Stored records
------
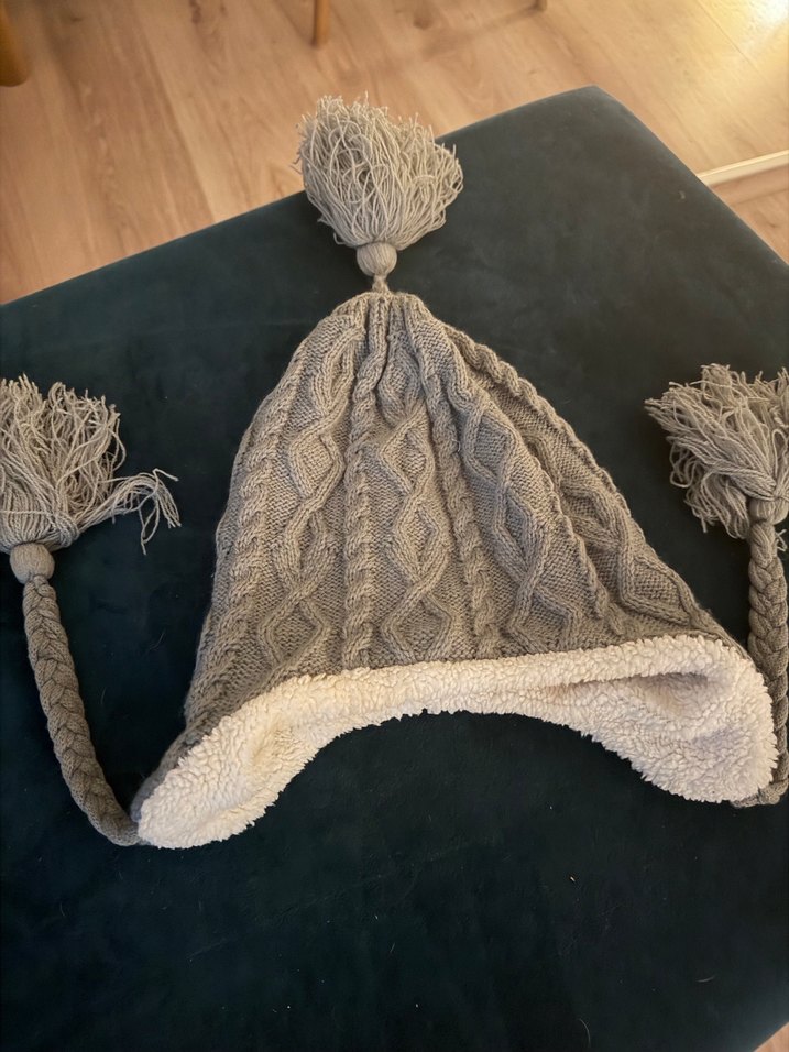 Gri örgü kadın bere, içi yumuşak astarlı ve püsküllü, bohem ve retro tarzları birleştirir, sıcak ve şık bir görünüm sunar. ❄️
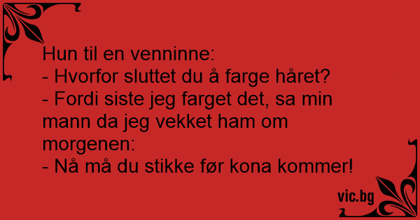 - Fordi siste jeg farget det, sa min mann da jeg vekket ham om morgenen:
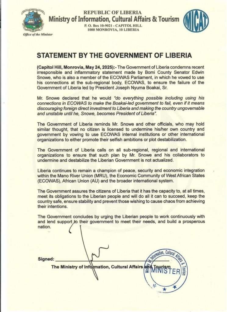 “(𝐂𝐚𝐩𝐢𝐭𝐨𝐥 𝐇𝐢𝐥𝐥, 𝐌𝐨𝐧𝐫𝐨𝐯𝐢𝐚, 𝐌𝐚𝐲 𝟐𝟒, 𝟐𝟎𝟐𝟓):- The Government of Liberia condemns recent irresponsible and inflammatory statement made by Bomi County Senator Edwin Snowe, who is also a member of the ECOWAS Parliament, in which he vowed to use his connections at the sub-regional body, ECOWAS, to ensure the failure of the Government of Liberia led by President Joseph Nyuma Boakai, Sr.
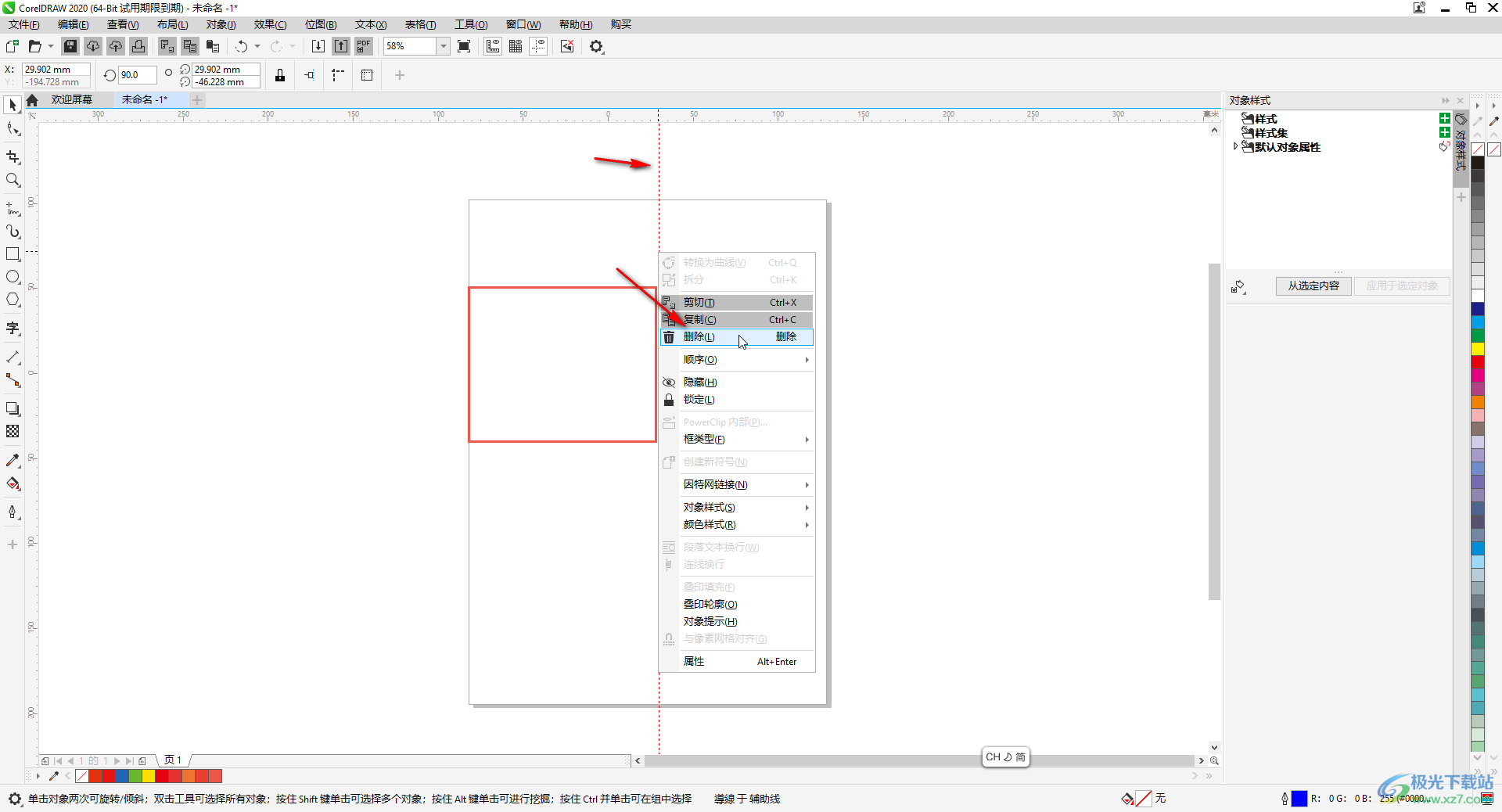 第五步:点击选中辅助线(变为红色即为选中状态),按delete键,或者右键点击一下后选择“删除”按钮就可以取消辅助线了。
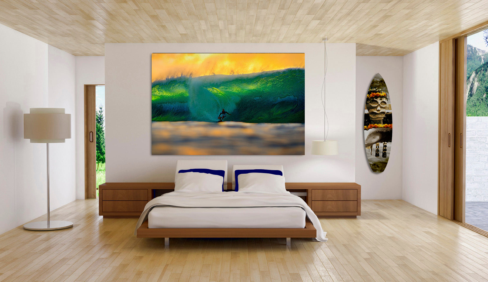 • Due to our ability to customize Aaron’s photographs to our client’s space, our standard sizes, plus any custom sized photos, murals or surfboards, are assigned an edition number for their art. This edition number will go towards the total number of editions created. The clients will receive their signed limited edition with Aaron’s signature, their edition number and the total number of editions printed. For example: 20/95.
------
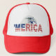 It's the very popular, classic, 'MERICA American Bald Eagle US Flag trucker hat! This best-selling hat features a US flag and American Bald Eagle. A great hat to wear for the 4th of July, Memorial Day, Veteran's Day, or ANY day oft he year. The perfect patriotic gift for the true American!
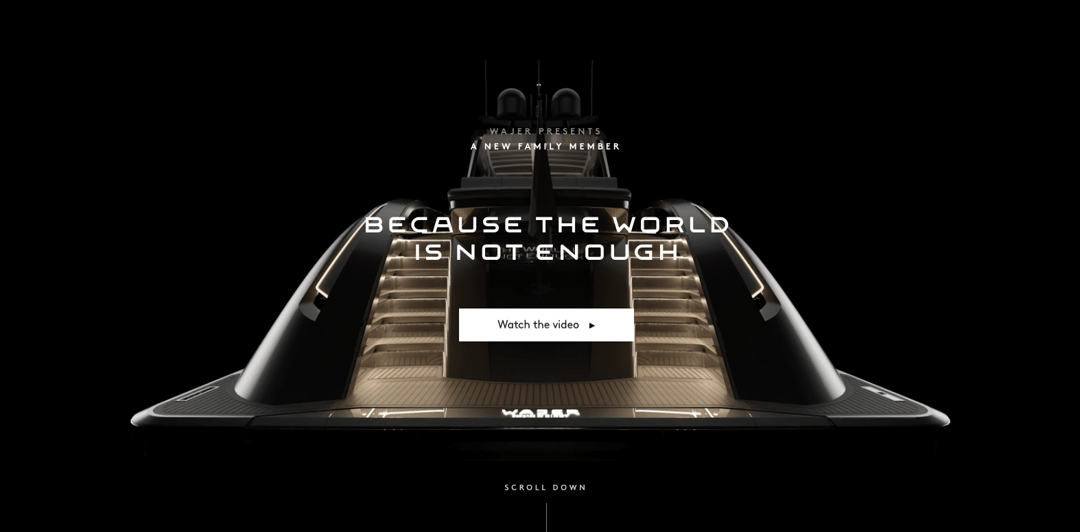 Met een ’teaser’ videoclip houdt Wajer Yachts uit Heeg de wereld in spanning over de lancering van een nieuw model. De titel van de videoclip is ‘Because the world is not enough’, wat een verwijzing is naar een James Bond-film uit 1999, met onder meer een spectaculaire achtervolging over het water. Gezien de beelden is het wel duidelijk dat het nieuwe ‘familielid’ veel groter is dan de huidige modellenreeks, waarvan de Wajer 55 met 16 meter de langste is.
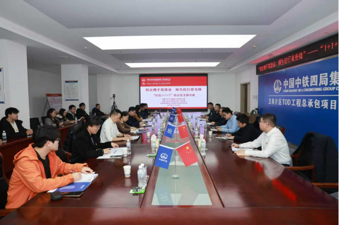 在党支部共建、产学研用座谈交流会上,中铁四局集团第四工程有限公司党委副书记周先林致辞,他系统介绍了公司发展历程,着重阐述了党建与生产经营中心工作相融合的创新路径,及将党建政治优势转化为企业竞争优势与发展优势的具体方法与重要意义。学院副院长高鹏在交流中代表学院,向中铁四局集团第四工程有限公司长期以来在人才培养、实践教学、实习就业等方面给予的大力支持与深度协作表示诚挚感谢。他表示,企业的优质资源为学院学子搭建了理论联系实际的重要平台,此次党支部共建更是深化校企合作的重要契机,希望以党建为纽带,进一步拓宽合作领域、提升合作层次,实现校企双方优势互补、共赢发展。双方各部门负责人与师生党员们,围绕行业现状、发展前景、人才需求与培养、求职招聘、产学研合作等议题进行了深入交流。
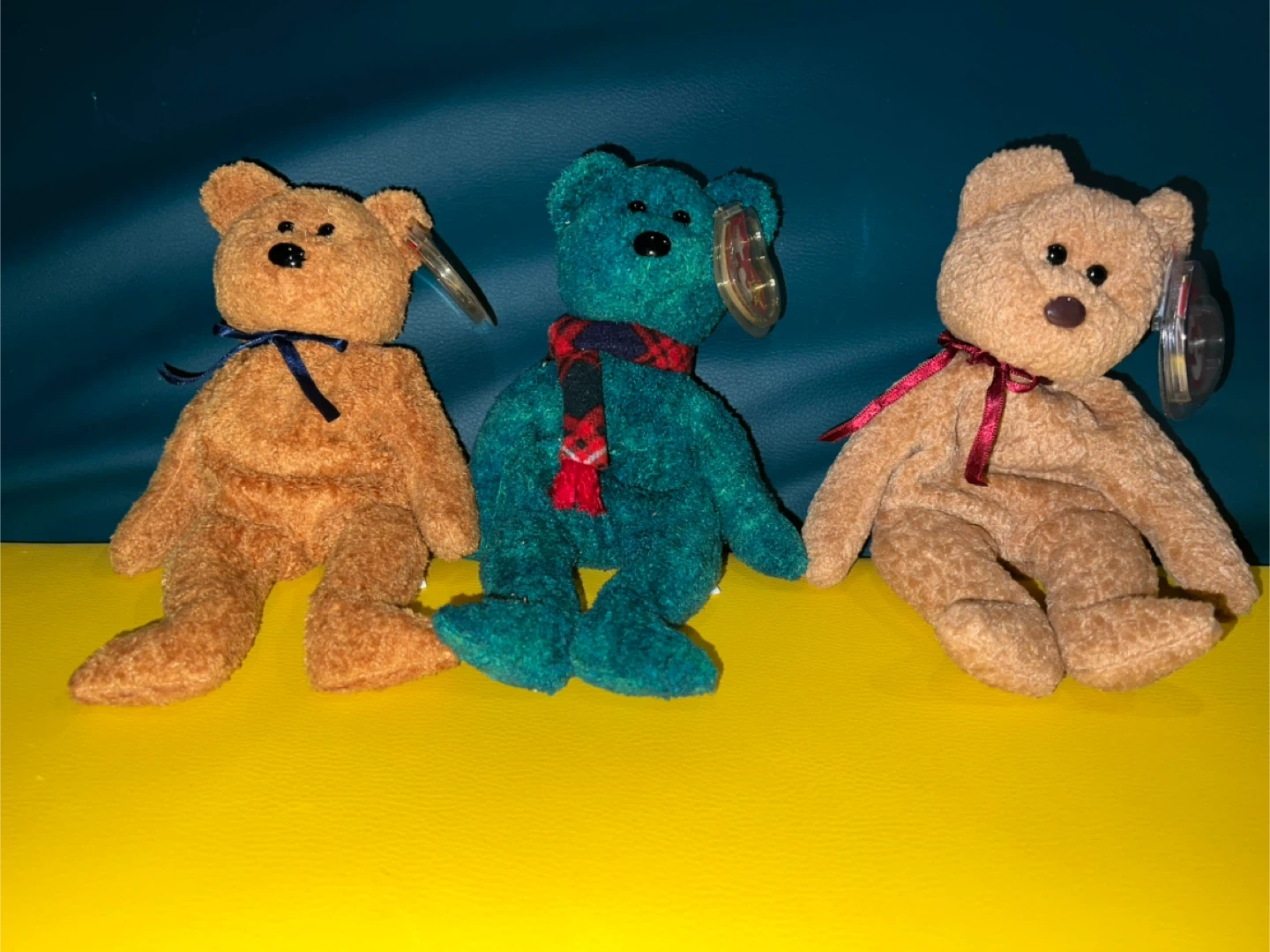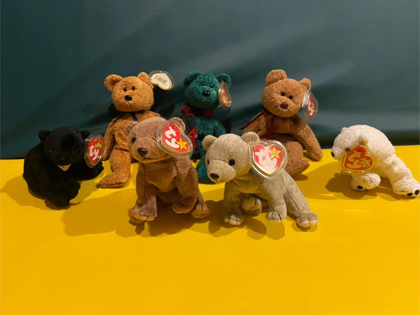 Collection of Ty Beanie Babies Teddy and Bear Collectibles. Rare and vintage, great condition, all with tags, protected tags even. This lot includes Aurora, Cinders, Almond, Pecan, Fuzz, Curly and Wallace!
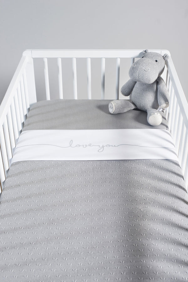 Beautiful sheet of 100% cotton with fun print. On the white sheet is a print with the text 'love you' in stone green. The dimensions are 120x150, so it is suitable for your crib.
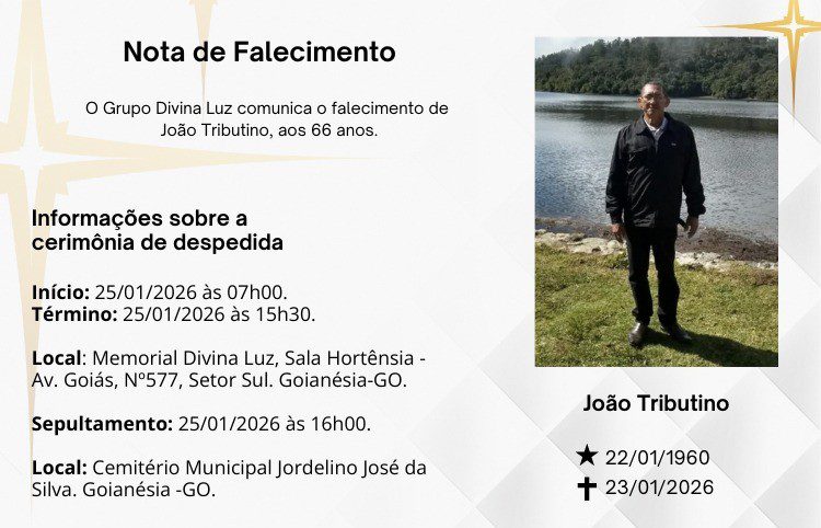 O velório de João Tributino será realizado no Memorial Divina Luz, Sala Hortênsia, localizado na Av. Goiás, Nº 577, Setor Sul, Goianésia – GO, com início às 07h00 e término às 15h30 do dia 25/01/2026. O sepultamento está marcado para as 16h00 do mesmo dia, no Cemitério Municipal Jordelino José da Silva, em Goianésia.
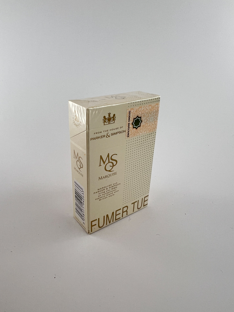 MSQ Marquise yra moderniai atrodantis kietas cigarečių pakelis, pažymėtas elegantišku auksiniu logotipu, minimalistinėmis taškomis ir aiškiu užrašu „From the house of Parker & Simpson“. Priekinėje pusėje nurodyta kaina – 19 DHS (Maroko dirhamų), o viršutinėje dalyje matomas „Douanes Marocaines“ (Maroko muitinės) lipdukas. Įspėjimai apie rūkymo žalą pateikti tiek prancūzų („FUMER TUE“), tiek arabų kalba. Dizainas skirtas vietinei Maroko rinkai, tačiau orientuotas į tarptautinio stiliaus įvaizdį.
------
What to produce: Both the line above containing "第五步:点击选中辅助线(变为" and the line containing "For example: 20/95." belong in the copy, along with every line between them; print these exactly and omit the pictures.

Answer section:
 第五步:点击选中辅助线(变为红色即为选中状态),按delete键,或者右键点击一下后选择“删除”按钮就可以取消辅助线了。
 • Due to our ability to customize Aaron’s photographs to our client’s space, our standard sizes, plus any custom sized photos, murals or surfboards, are assigned an edition number for their art. This edition number will go towards the total number of editions created. The clients will receive their signed limited edition with Aaron’s signature, their edition number and the total number of editions printed. For example: 20/95.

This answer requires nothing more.